Hello,
I wanted to ask if acados has an option to add algebraic variables to an OCP to be optimized while solving the OCP?
Thanks
Hi,
yes, you can use algebraic variables in acados.
The complete problem description can be found here.
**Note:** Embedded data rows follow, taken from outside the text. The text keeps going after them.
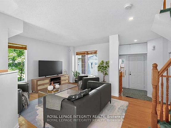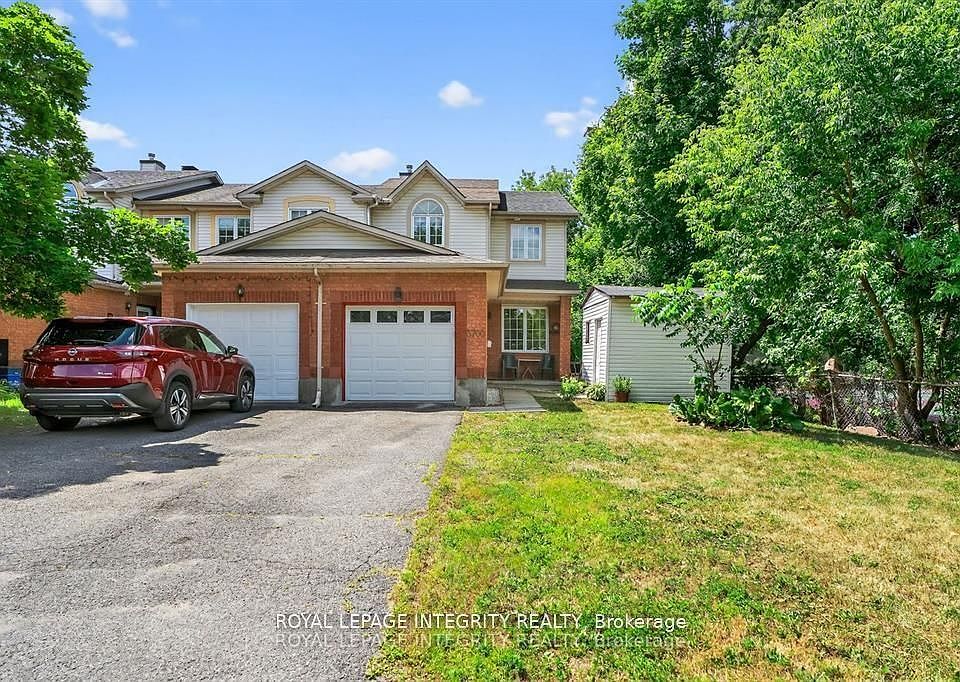 Welcome to 3700 Rivergate Way, a bright & spacious end-unit freehold townhome tucked away in the very secluded and popular Quinterra community! With no front or side neighbors, this beautifully maintained 3 bedroom, 3 bathroom home offers rare privacy while keeping you steps from scenic trails leading to Mooney's Bay and the Ottawa River. Step inside to a sun filled, open concept layout featuring gleaming hardwood floors and a freshly updated interior with modern paint, stylish pot lights, upgraded hardware, and chic new light fixtures (2024). The contemporary kitchen shines with stainless steel appliances, refreshed backsplash and hardware, plus a brand new dishwasher (2025).Upstairs, find three generous bedrooms, including a comfortable primary retreat, along with two refreshed bathrooms complete with new toilets and lighting. The fully finished lower level offers even more living space with laminate flooring over subfloor panels, a cozy gas fireplace with mantle, an updated full bathroom with newer shower tile, and abundant storage. Step outside to your private, fenced backyard oasis, featuring a two-tier deck, built in BBQ with commercial grade rotisserie, and plenty of space for entertaining. Bonus features include a powered front shed (perfect workshop), backyard portable shed, Weiser keypad lock (2024), and an owned hot water tank. Major updates include roof (approx. 6 years old) with furnace and A/C fully serviced in 2024.Perfectly located close to parks, shopping, dining (Vittoria Trattoria just steps away!), transit, and more, this rare end-unit combines tranquility with city convenience. A true gem in one of Ottawa's most desirable hidden neighborhoods!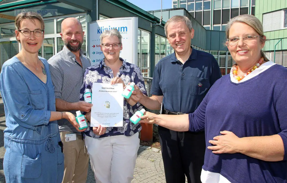 Nachdem sich das Klinikum Osnabrück bereits seit 2017 an einem freiwilligen Überprüfungsprozess beteiligt und dabei aus dem Stand mit Zertifikaten in Bronze und zweimal mit Silber ausgezeichnet wurde, hat es das Qualitätssiegel nun erstmals in „Gold“ erhalten. Niedersachsenweit tragen dieses Siegel aktuell nur 17 Krankenhäuser. Auf den Erfolg ist das fünfköpfige Hygiene-Team des Klinikums sehr stolz, das von Ärztin und Krankenhaushygienikerin Christiane Körbel-Peceny geleitet wird. „Aber nicht wegen der schönen Urkunde“, schmunzelt Körbel-Peceny. „Sondern weil die Händedesinfektion von unseren Mitarbeitenden so vorbildlich umgesetzt wird, dass wir dieses Niveau erreicht haben. Wir können in dem damit verbundenen Prozess genau sehen, welchen Stand es in einzelnen Abteilungen hat, wie die Händehygiene durchgeführt wird und ob oder welchen Verbesserungsbedarf es gibt.“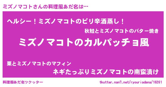 | ヘコむあだ名 | 『ミズにー』『ミズノマコト(苦笑)』 |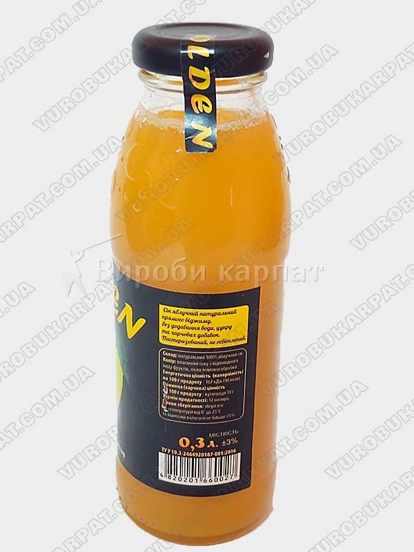 Сок яблочный натуральный прямого отжима без добавки воды, сахара и пищевых добавок, пастеризованный.

Examples with algebraic variables in MATLAB are here and here.
Hope it helps!
Kind regards,
Josip
Dear Mr. Jospikh,
Thank you for your reply. I wanted to ask about something if you do not mind. In the example attached below, z1 and z2 are algebraic variables and hence the solver should solve for z1=x1=0 and z2=x2=0. Is my understanding correct?
import casadi.*
model_name_prefix = 'simple_dae';
%% Set up States & Controls
x1 = SX.sym('x1'); % Differential States
x2 = SX.sym('x2');
x = vertcat(x1, x2);
z1 = SX.sym('z1'); % Algebraic states
z2 = SX.sym('z2');
z = vertcat(z1, z2);
u1 = SX.sym('u1'); % Controls
u2 = SX.sym('u2');
u = vertcat(u1, u2);
%% xdot
x1_dot = SX.sym('x1_dot'); % Differential States
x2_dot = SX.sym('x2_dot');
xdot = [x1_dot; x2_dot];
%% cost
expr_y = vertcat(u1, u2, z1, z2);
%% Dynamics: implicit DAE formulation (index-1)
expr_f_impl = vertcat(x1_dot-0.1*x1+0.1*z2-u1, ...
x2_dot+x2+0.01*z1-u2, ...
z1-x1, ...
z2-x2);
%% constraints
expr_h = vertcat(z1, z2);
expr_h_e = vertcat(x1, x2);
%% initial value
% x0 = [0.1; -0.1];
% z0 = [0.0, 0.0];
% u0 = 0;
model.sym_x = x;
model.sym_xdot = xdot;
model.sym_u = u;
model.sym_z = z;
model.expr_y = expr_y;
model.expr_f_impl = expr_f_impl;
model.expr_h = expr_h;
model.expr_h_e = expr_h_e;
model.name = model_name_prefix;
end